Repeat the listing exactly. Pictures stay out of your copy.

Data section:
━━━━━━━━━━━━━━━━━━━━━━━━━━━━━━

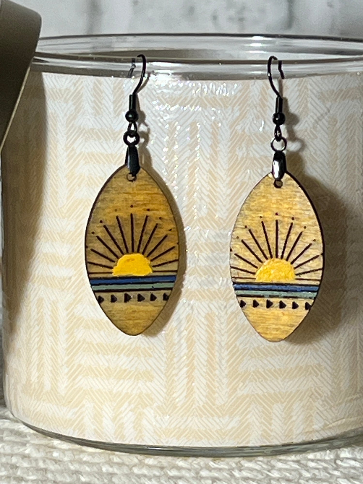 "Add a playful touch to your outfit with our Sunrise Sunset Dangle Earrings! These earrings feature a classic sun design, with a unique twist - depending on your view, it could be a stunning sunset or a beautiful sunrise. With a touch of native flair, these earrings are sure to make a statement. Perfect for any occasion."
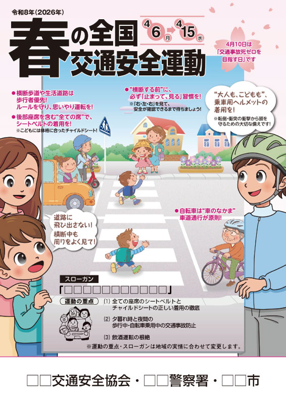 春の全国交通安全運動に則した内容をわかりやすく紙面に盛り込んでいます。全戸配布や回覧、街頭啓発など様々な用途に幅広くご活用ください。
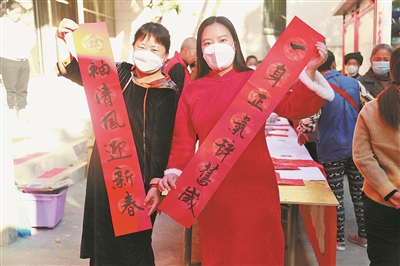 在建水县,该县老年体协、县老年大学联合开展迎新春老年书画作品展暨写春联送春联活动。活动现场,书画老师们在一张张书桌前凝神运笔,挥毫泼墨书写春联,为群众送上火红的新春祝福,为即将来临的春节增添了浓浓的年味。活动当天向群众送出春联200副。

━━━━━━━━━━━━━━━━━━━━━━━━━━━━━━

Response to this exercise:
 "Add a playful touch to your outfit with our Sunrise Sunset Dangle Earrings! These earrings feature a classic sun design, with a unique twist - depending on your view, it could be a stunning sunset or a beautiful sunrise. With a touch of native flair, these earrings are sure to make a statement. Perfect for any occasion."
 春の全国交通安全運動に則した内容をわかりやすく紙面に盛り込んでいます。全戸配布や回覧、街頭啓発など様々な用途に幅広くご活用ください。
 在建水县,该县老年体协、县老年大学联合开展迎新春老年书画作品展暨写春联送春联活动。活动现场,书画老师们在一张张书桌前凝神运笔,挥毫泼墨书写春联,为群众送上火红的新春祝福,为即将来临的春节增添了浓浓的年味。活动当天向群众送出春联200副。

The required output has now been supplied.